Lobster Club is pleased to present Strata Memory, a duo exhibition by Ellen Rutt and Aaron Glasson, opening Saturday, April 19, 2025. Through painting and sculpture, the artists unearth meaning amid layered crises, exploring the partnership between love and grief anchored by a shared belief: we make things holy by the quality of attention we give them.1
Strata Memory features five new paintings by each artist, a 15-part collaborative painting, and a site-specific installation composed of found objects, earth and food.
Rutt’s process-driven abstract works are formed through an act of reverent tracing. Using charcoal, pigmented chalk, and milk paint she records elements from her surrounding landscape and personal life. For this show, Rutt departs from her typical employment of primary colors in favor of earth tones and pigment found in her surroundings. Often working directly on the ground, she maps ancient rock veins and surface textures, the silhouette of a community bulletin board, a rusted trash can lid, her phone. These tracings transform both the mundane and the monumental into gestural maps that hold the dissonance of scale and time.
Time itself acts as a collaborator within the work: canvases and materials are often left outside for months or years, allowing weather and decay to leave their own marks underscoring how time erodes, alters, and ultimately reinvents form.

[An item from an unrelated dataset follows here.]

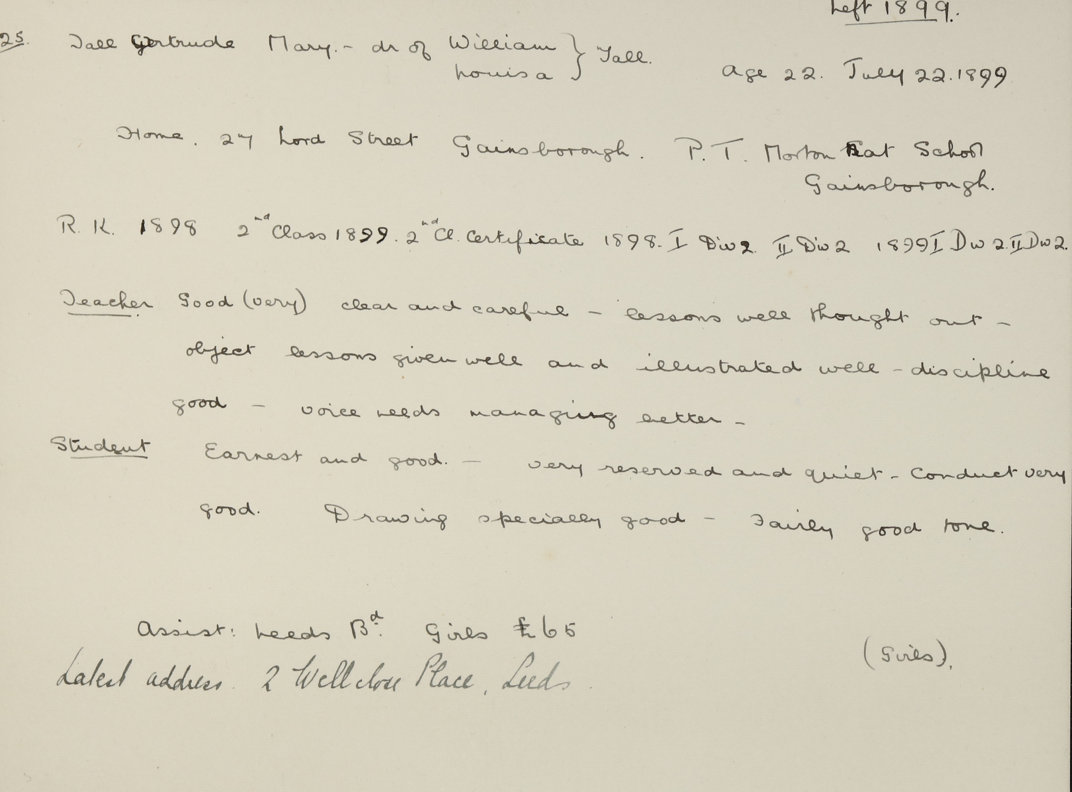 Appointed to Leeds Board School. Salary £65.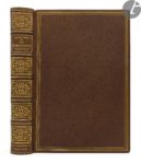 encadrement sur les plats, dos à nerfs orné, dentelle dorée en encadrement à l’intérieur, doublures et gardes de soie moirée havane, doubles gardes, tranches dorées sur témoins, couverture et dos conservés (Franz).

Glasson’s practice centers on an inquiry into the spirit of ecology and humanity’s place within it. His materials—natural pigments made from rock, rust, and charcoal, and installations constructed from discarded objects—mirror his philosophical exploration. The paintings for Strata Memory were created between Mexico City and the Mojave Desert and unfold as meditations on the tangible and the intangible. Shaped by outer observation and inner reflection, they seek to reveal what is visible, invisible, and the intricate web that connects all life. His imagery invites viewers into liminal yet familiar spaces—shifting abstract terrains of loss and renewal.
Their collaborative painting weaves together each artist’s mark-making practices into a unified whole—an aggregate of canvases that resemble a quilt or an aerial view of farmland. With a palette of desert ochre and earthen sienna, the piece merges translucent washes, soft-edged geometries, and quiet narrative scenes to explore the convergence of spirit and substance.
Together, Rutt and Glasson’s paintings and sculptures offer meditations on our estrangement from the natural world and the potential for reconnection. At the heart of this exhibition lies a question: Might the solutions to our ever-growing crises not lie in discovering something new, but in remembering something ancient? And perhaps through grieving what has been lost, we can awaken a memory that shifts how we relate to each other, to the land, and to life.